Oltremodo paradossale, al giorno d'oggi, è il
concetto di "accoglienza". Sciorinato sguaiatamente, senza soluzione
di continuità, dai maggiori organi d'informazione nostrani e sventolato, come
falso vessillo di solidarietà, da pseudo intellettuali da salotto, buonisti e
sinistri vari, tale cortocircuito alberga indisturbato tra gli argomenti
prediletti di quella branca di popolazione che si vuole sentire a tutti i costi
dalla parte dei giusti, dei civili, degli equi, dei moderati. Paradigmatico, in
tal senso, è il periodo natalizio. Mentre, infatti, i più si affannano alla
ricerca del regalo ideale da mettere sotto l'albero ed organizzano cene e
pranzi familiari, nell' indifferenza generale, soggetti sradicati e smarriti
errano raminghi nei centri storici e nelle periferie delle grandi città,
manifestando disagio, colonizzando abusivamente intere aree urbane,
arrangiandosi alla meglio per sopravvivere, totalmente avulsi dal contesto
circostante, con nessuna voglia di integrarsi con una cultura ed una società totalmente
distante dal loro modo di vivere e pensare. È questa, forse, la tanto
sbandierata accoglienza? Qui risiede la tanto decantata integrazione?

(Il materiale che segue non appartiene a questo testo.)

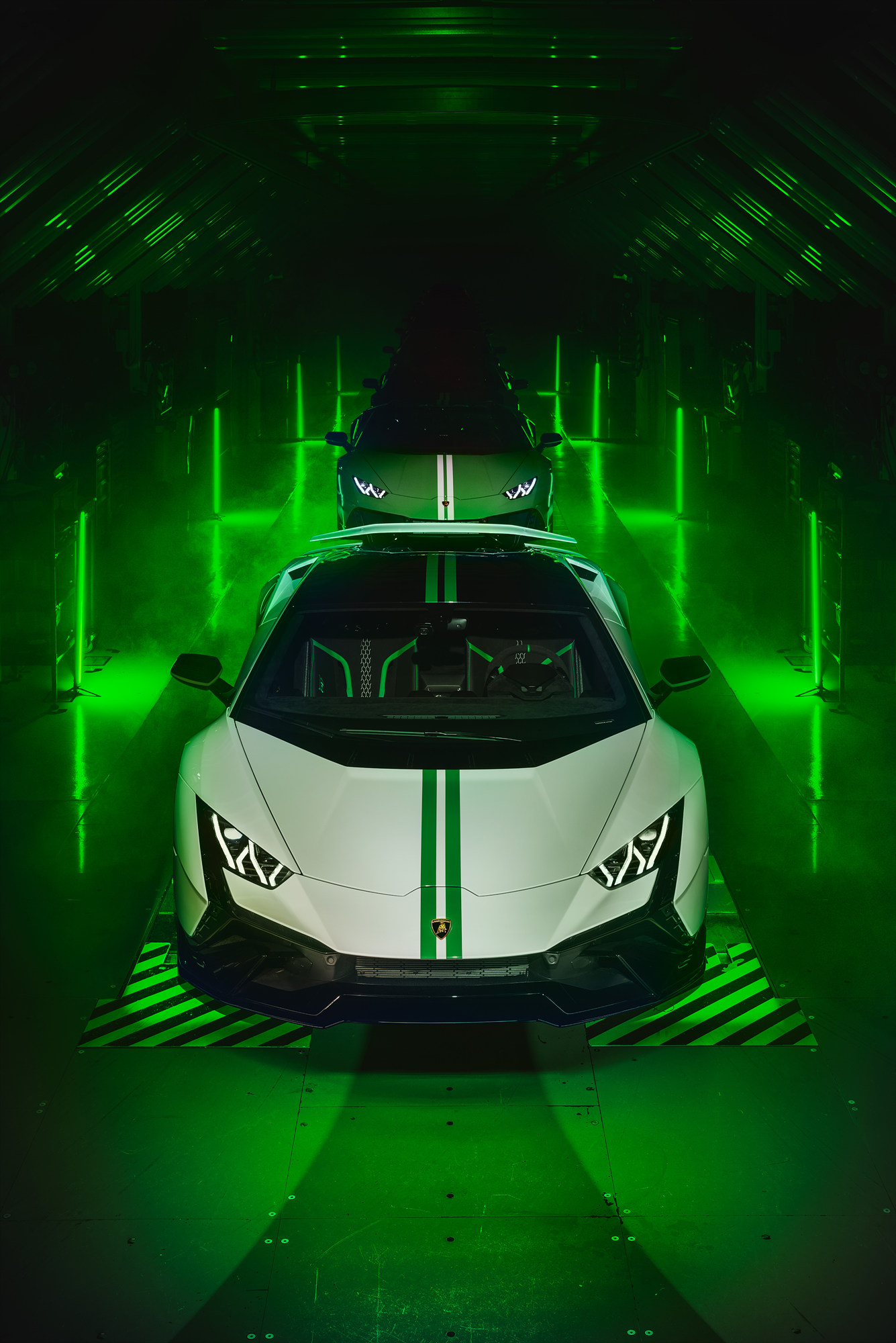 우라칸 STO(슈퍼 트로페오 오몰로가타)는 자연 흡기형 V10 엔진을 탑재해 우라칸 라인업 중 퍼포먼스의 정점을 보여준다. 60주년 기념 에디션은 두 가지 버전으로 제공되며, 모두 고성능 스포츠웨어와 팀 컬러에서 영감을 받아 톤온톤 형태로 컬러감을 매치했다. 첫 번째 모델은 블루 컬러를 특징으로 하는데 블루 아이게우스(Blu Aegeus)의 차체 색상에 블루 아스트라이오스(Blu Astraeus) 컬러 요소로 장식되며 블루 미라(Blu Mira) 마감의 노출된 탄소섬유와 조화를 이룬다.

Così,
mentre chi ha spento da tempo il cervello si accontenta, da un lato, della
melassa appiccicosa propinata dalla propaganda globalista e dall'altro di finte
beghe e proclami sovranisti, la "disintegrazione" dei popoli va
avanti indisturbata, sotto le mentite spoglie della "solidarietà" e
dell’ "uguaglianza", senza che nessuno alzi realmente la voce, per paura
d'esser appellato come fascista o tacciato di "razzismo".
"
Ma noi siamo talmente toccati
Da chi sta soffrendo
Ci fa orrore la fame, la guerra
Le ingiustizie del mondo
Come è bello occuparsi dei dolori
Di tanta, tanta gente
Dal momento che in fondo
Non ce ne frega niente" ( G. Gaber)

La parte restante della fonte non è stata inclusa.